D’altronde, era il suo stesso caporedattore – lui giovanissimo giornalista – ad avvertirlo del rischio insito in chi delle parole ha fatto una propria professione di fede («Non ti illudere / scriviamo sulla sabbia. / Che sia con l’inchiostro o con il microfono, / alla fine del giorno / la coda di un’onda cancellerà le nostre parole»).

Nel percorso sinuoso del libro, che come un fiume carsico scava in profondità per poi riaffiorare in superficie, il giornalista di San Benedetto passa in rassegna i volti sfigurati dalle bombe dei bambini palestinesi e l’amore per i genitori (con due toccanti necrologi in versi), il senso della scrittura e l’indicibile barbarie umana che porta gli individui a combattersi senza avere nulla imparato dalla Storia (gli orrori e le sevizie della prigione di Abu Ghraib in Iraq, perpetrati dall’esercito americano verso militari del regime di Saddam Hussein ed inermi civili e denunciati in un rapporto del  Congresso statunitense del dicembre 2014).

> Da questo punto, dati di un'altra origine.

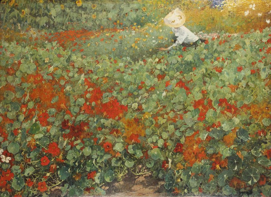 Op het schilderij is de echtgenote van de kunstenaar afgebeeld in een zee van bloeiende Oost-Indische kers. Het doek, aangeschaft van een particulier voor een verder onbekend bedrag, begint zich sindsdien in de Tweede Schilderijenzaal van Teylers. Het forse doek (97 bij 137 centimeter) is een van slechts vijf bekende grote bloemenschilderijen van Van Looy. Een ander werk, Zomerweelde uit 1900, bevindt zich in het Rijksmuseum. Teylers heeft één ander schilderij van Van Looy in bezit, maar dat is kleiner en door het gebruik van bitumen ernstig verdonkerd. ‘De tuin sprankelt van zichzelf’, aldus hoofdconservator Michiel Plomp van Teylers. ‘Het is een droomschilderij, mooier dan menig werk van Monet of Manet. Het is het meest impressionistische schilderij dat we in Nederland hebben.’ Van Looy schilderde De tuin in de zomer van 1893 in amper zes weken tijd, en plein air, in de achtertuin van zijn woning aan de Rustenburgerstraat in de Amsterdamse Pijp. ‘Het was een soort van wedloop tusschen mij en die snel rankende bloemen’, schreef de kunstenaar over het werk. Hoewel de bloemenzee tot in de verte door lijkt te gaan, beschikte Van Looy in werkelijkheid maar over een piepklein tuintje. Plomp: ‘Hij koos voor een zeer gedurfde compositie, met dat lage standpunt en de afwezigheid van een horizon. Het licht is ook fantastisch. Dat sluit aan bij wat de Franse impressionisten deden. Daarin was Van Looy in Nederland uniek.’ Toen Van Looy De tuin in 1894 in de Amsterdamse kunstenaarsvereniging Arti exposeerde, werd het werk kritisch ontvangen. De recensent van de Nieuwe Rotterdamse Courant schreef dat zo’n ‘brok, plompverloren uit de natuur gesneden’ niet als een echte compositie kon worden beschouwd. En: ‘Het had net zo goed de helft kleiner gekund.’ Maar collega Isaac Israels noteerde: ‘Het is het beste schilderij dat er is [in Arti], dus er is geen kwestie van of jij had de medalje moeten hebben.’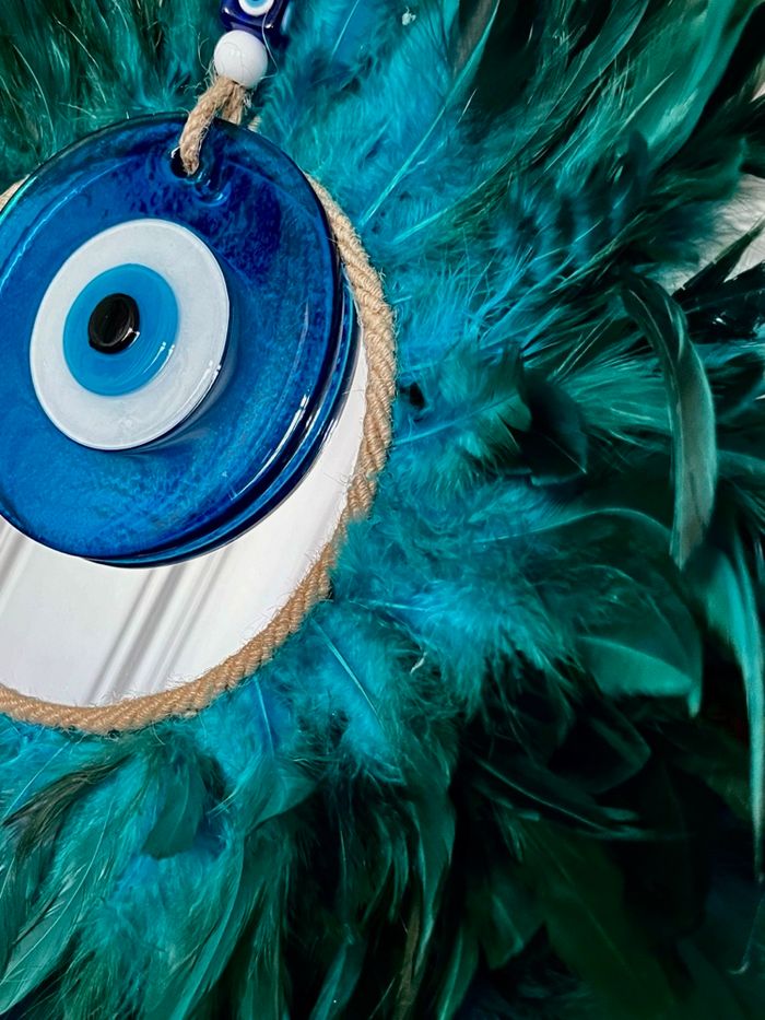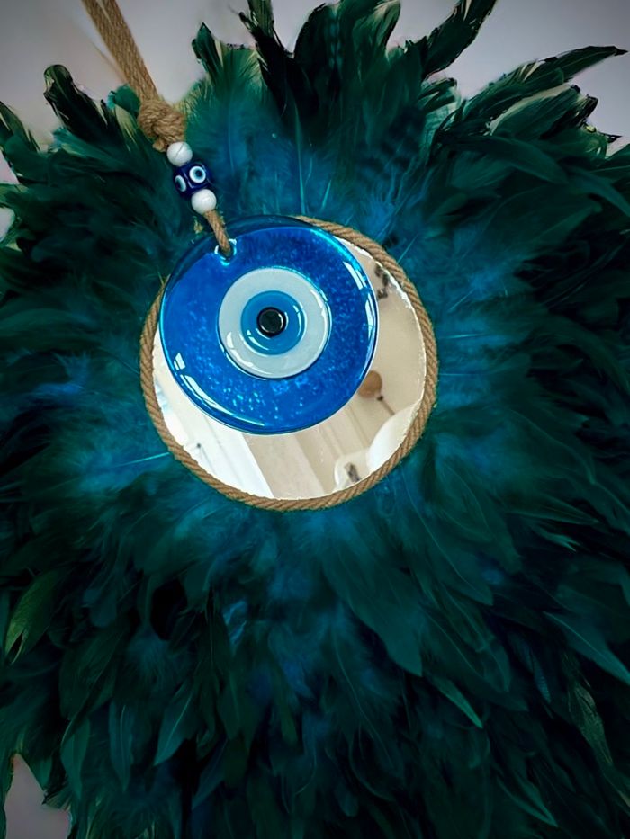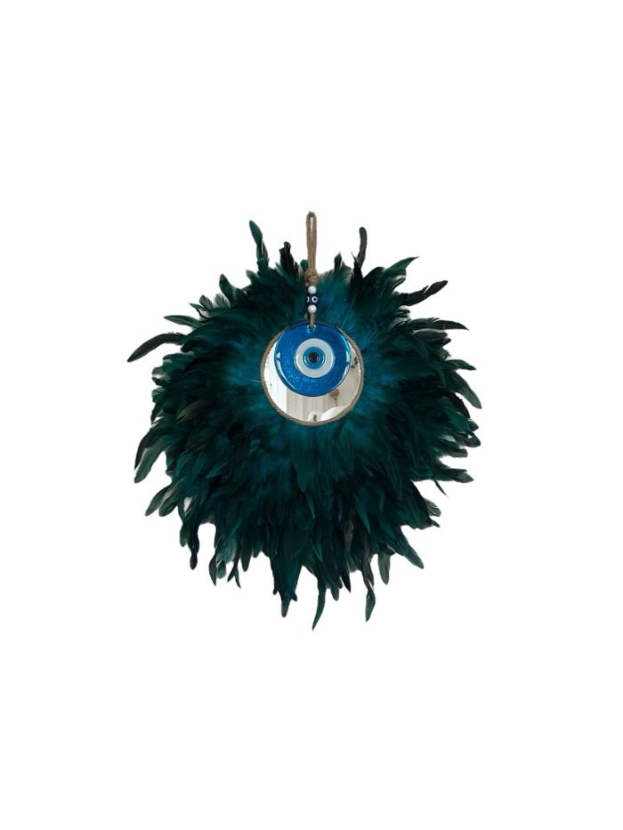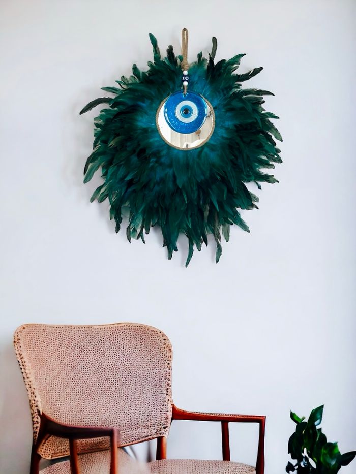 Le juju-hat Kahil est une décoration murale artisanale réalisée entièrement à la main. Composé de plumes naturelles de queue de coq aux nuances bleu canard et turquoise, il est monté sur un support en bois et orné d’un miroir central qui capte la lumière et attire le regard. Une amulette en verre turquoise et blanc, des perles décoratives et une corde naturelle viennent compléter cette création, inspirée des univers bohèmes et ethniques. Kahil est une pièce forte et expressive, idéale pour habiller un mur de salon, de chambre ou d’entrée, et apporter une touche singulière et poétique à ton intérieur. Chaque création est unique, pensée comme un véritable bijou mural. Dimensions HT 50cm

Insomma, tutto il campionario di una sofferta, contraddittoria umanità – richiamata dal titolo – accomunando felicemente l’osservazione attenta della realtà circostante, tipica del redattore e la sensibilità interiore, lo scavo psicologico, del letterato, persino, dello scrupoloso ed avveduto traduttore. Se esiste un diario – come precisato giustamente dall’editore nel sottotitolo – è quello di una vita, spesa per gli altri, in prima linea, a raccontare le sublimi bellezze e le vertiginose meschinità del mondo.

VENGO DA UN PAESE DI MARE

Vengo da un paese di mare

ma ho sempre navigato la terra.

I venti dell’Adriatico mi hanno spinto

tra genti e porti.

L’odore di salsedine

non mi ha mai abbandonato.

E ovunque mi hanno seguito

gli odori della ruggine

delle sàrtie cotte dal sale

della nafta esalante dal motore ansimante.

Con animo di marinaio

ho solcato onde

ho sfidato tempeste

ho combattuto mostri del giorno e della notte.

Il mio mare è stato il mondo

così bello così terrificante.

Vengo da un paese di mare

ma ho sempre navigato la terra.

La parte più lunga del viaggio

è compiuta

ma la carta nautica e la bussola

ora non dicono

quante miglia dovrò ancora consumare.

Attendo che il mio vecchio peschereccio

tocchi l’ultimo porto, per riposare.